Swedish Army officer

Major General Fredrik Adolf Löwenhielm (9 June 1916 – 11 May 2008) was a Swedish Army officer. Löwenhielm began his military career in 1937 as a second lieutenant in Stockholm and steadily rose through the ranks, becoming a cavalry captain in 1945 and later serving in the General Staff Corps. He attended military colleges in Sweden and abroad, including in England, Norway, France, Canada, and the United States. During the 1950s and 1960s, he contributed to several Swedish defense inquiries and held key positions such as regimental commander and army inspector. From 1968 to 1971, he commanded the Gotland Military Command, and from 1971 to 1980, he was Chief of Home Guard, where he led major reforms and modernization efforts. His tenure saw upgrades in weapons, training, medical support, and increased funding.

After his military service, Löwenhielm became Master of Ceremonies and held important ceremonial roles within the Swedish royal orders. He authored a key reference on Swedish orders and medals and was active in several historical and religious societies.

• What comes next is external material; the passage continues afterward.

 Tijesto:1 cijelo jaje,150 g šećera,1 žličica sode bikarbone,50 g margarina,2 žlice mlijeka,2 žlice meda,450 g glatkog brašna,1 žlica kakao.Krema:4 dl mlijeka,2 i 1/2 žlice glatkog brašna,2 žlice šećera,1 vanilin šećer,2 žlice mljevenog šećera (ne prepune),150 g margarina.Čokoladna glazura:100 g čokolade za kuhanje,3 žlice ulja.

He remained involved in royal and cultural affairs well into the 1990s.

==Early life==
Löwenhielm was born on 9 June 1916 in Oscar Parish, Stockholm, Sweden, into the Löwenhielm family, the son of Lieutenant Colonel Wilhelm Löwenhielm and Countess Beth Wachtmeister. He passed studentexamen at Östra Real in Stockholm in 1934.

==Career==

===Military career===
Löwenhielm completed his officer training in 1937 and was commissioned as a second lieutenant in the Life Regiment of Horse in Stockholm the same year. He was promoted to lieutenant in 1939 and attended the Royal Swedish Army Staff College from 1944 to 1946. In 1945, he became a ryttmästare (cavalry captain). From 1946 to 1948, he served as an aspirant in the General Staff Corps and was promoted to captain in 1948. Between 1948 and 1951, he served in both the Military Office of the Swedish Minister of Defence and the Defence Staff. He also attended joint Army, Navy, and Air Force courses in England in 1950 and 1951.

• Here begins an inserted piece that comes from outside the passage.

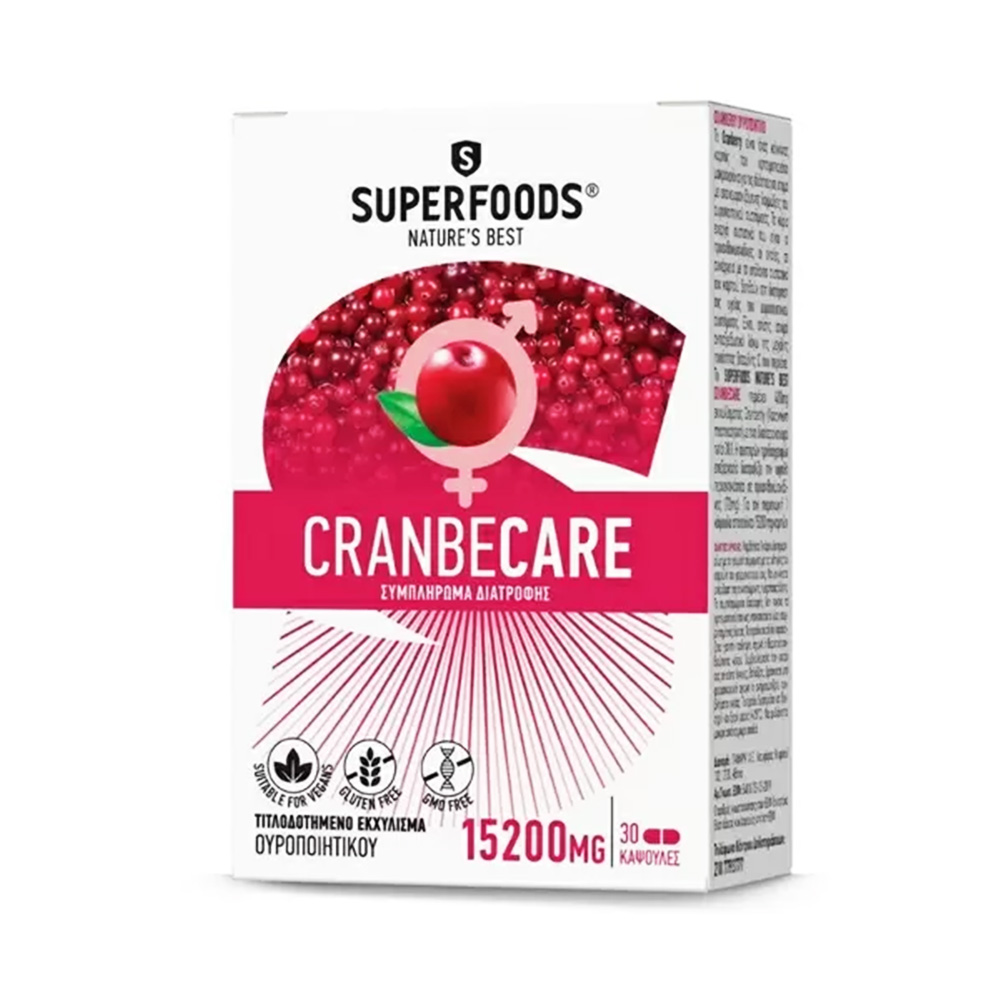 Το Superfoods Cranbecare είναι ένα συμπλήρωμα διατροφής με κράνμπερι. Περιέχει 400 mg εκχυλίσματος κράνμπερι με ισχυρή αναλογία 38:1. Για την παραγωγή μιας κάψουλας Cranbecare χρειάζονται 15200 mg καρπών. Χάρη στις υψηλές προδιαγραφές εξασφαλίζεται τιτλοδοτημένη ποσότητα 72 mg προανθοκυανιδινών.

From 1952 to 1953, Löwenhielm served as a captain in the Göta Life Guards in Enköping. He became a major and instructor at the Swedish National Defence College from 1953 to 1958, and was promoted to major in the General Staff Corps in 1954. He pursued further studies at the Norwegian Defence University College in 1955 and 1957, and at military colleges in France, Canada, and the United States in 1957. From 1958 to 1961, he served as a lieutenant colonel in the Västernorrland Regiment.

During the 1950s and 1960s, Löwenhielm contributed as secretary or expert to several government defense inquiries. These included the 1957 inquiry on civil defense command, the 1958 inquiry on military academies, and the 1958 and 1960 Defense Command Commissions. He also served as an expert to the Real Estate Board of the Swedish Armed Forces (Försvarets fastighetsnämnd) (1961–1965), participated in a 1964 review of educational needs at the Swedish National Defence College, and advised the 1964 civil defense command inquiry. He served as senior adjutant and colonel in the General Staff Corps and section head at the Defence Staff from 1961 to 1965. He was regimental commander of the Svea Life Guards from 1965 to 1966, and army inspector for the Eastern Military District from 1966 to 1968.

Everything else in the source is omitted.